I am often asked for advice and to just hang out with. So I guess they perceive me as fun and caring. They think I'm a little eccentric. Sometimes I don't care as much about certain things as they might think (ie who someone kissed last night and every detail). I care deeply about things that would hurt or upset them but not about dumb stuff as much. But I expect them to care about my dumb stuff haha (hypocrite gah). They would never say I was mean. Even when I think I'm being a brat, it goes unnoticed by most, as I end up apologizing and then hearing "really? I didn't think you were being mean/snappy/bratty"

20) You got a whole day to do whatever you like. What kind of activities do you feel like doing?

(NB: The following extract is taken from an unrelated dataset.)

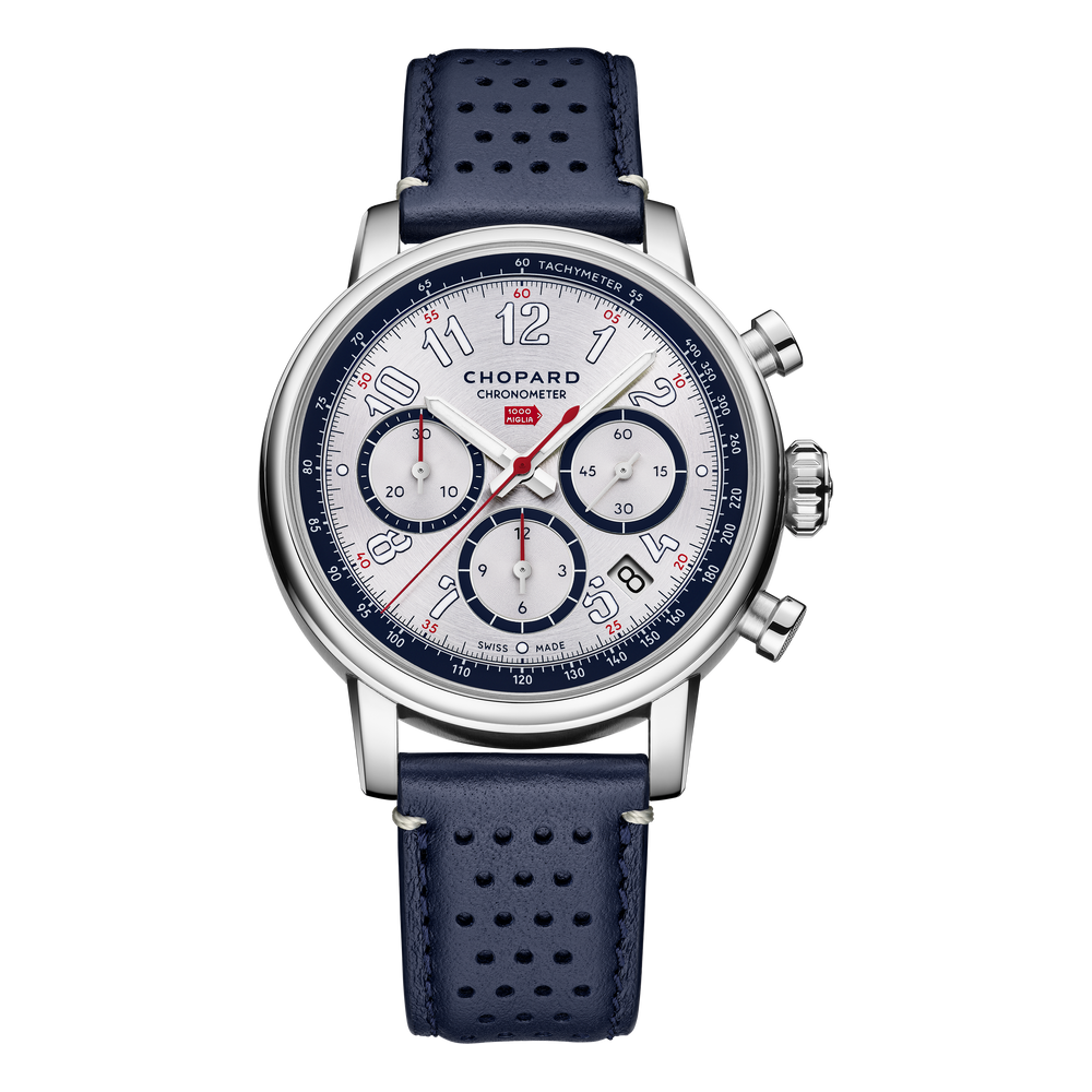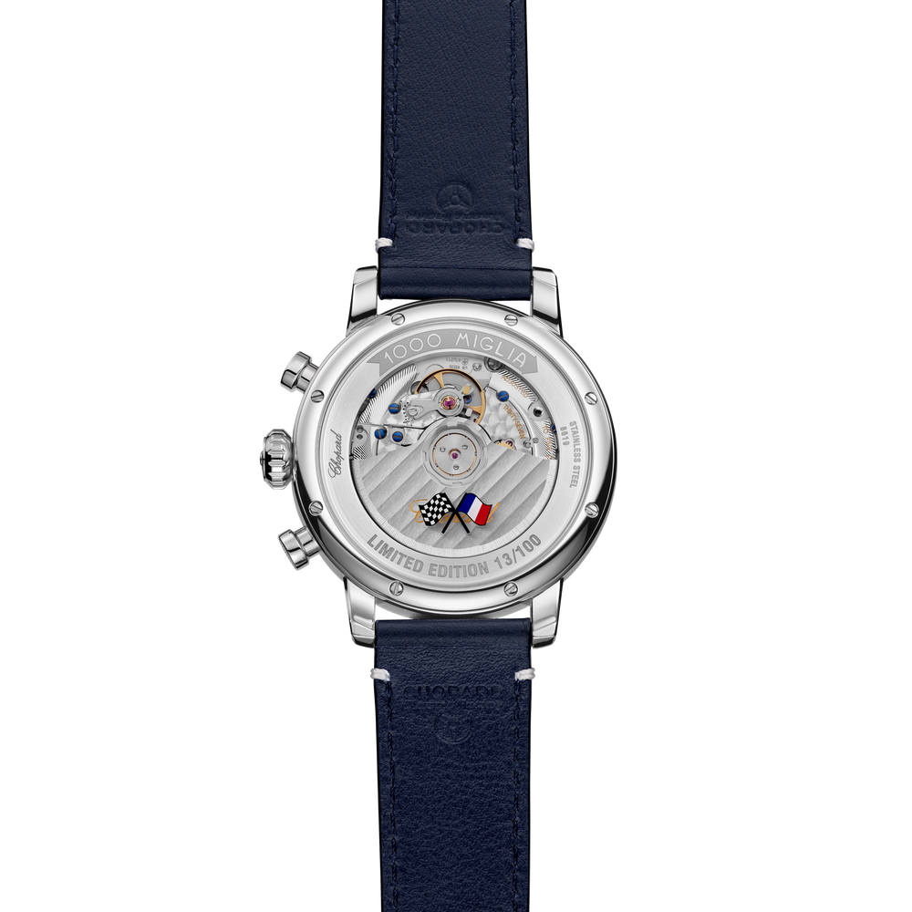 Seit 35 Jahren sind Chopard und die 1000 Miglia untrennbar miteinander verbunden. Als offizieller Zeitnehmer des bekanntesten Gleichmäßigkeitsrennens der Welt für historische Automobile hat Chopard den Mille Miglia Chronographen entworfen. Das Modell steht für die Liebe zur ästhetischen Technik und Leistung und geht auf die persönliche Begeisterung von Karl-Friedrich Scheufele für Autos und Autorennen zurück. Die Uhren der auf 100 Stück limitierten Edition haben ihren Auftritt in den unverkennbaren französischen Nationalfarben und sind ein Beispiel für die perfekte Verbindung von Stil und Raffinesse.

Def would appreciate some friends to come with..but not entirely necessary. Travel somewhere new would be first. Otherwise shopping, go to the orchard and get apple cider and freshly baked donuts, explore a city, take an art class, learn/listen to some music, spend time talking at a coffee shop, napping/snuggling, watch a comedy


----------



## Adena (May 14, 2014)

2. Fe. Also, maybe an SX (Enneagram stuff )
3. Not sure, perhaps Ni/Se but not quite...
4. Again, Fe having trouble with Ti.
5. indicates EXFJ
6. Again, your answers scream Fe. Might be Ne somewhere in there too.
7. That could indicate both Si/Ne or Ni/Se. I have to continue reading 
8. XSXX maybe?
9. Not indication of anything to be honest.
10. Ti. Maybe Si as well- "fact fact fact"
11. Well, either Fe or Fi 
12. Either, that doesn't really say anything.
13. I'm leaning towards Si/Ne at this point. 
14. EXXX
15. Inferior Ti.
16. Again, Fe.
17. Not weird, just Fe!
18. I hate numbers as well 
19. Fe.
20. Ne.

I think you're an ESFJ with an active Ne. Honestly, I don't know what made you think INFP cause you're just so Fi.


----------



## shyextrovert (Jan 2, 2015)

Oh geez, I should clarify that I do NOT find going out dancing sinful. Haha but putting myself in a situation with too much alcohol, loneliness and strange men could lead to a poor outcome


----------



## shyextrovert (Jan 2, 2015)

Thank you for your insight!

Do you see how confusing I am though? Haha. It's frustrating. 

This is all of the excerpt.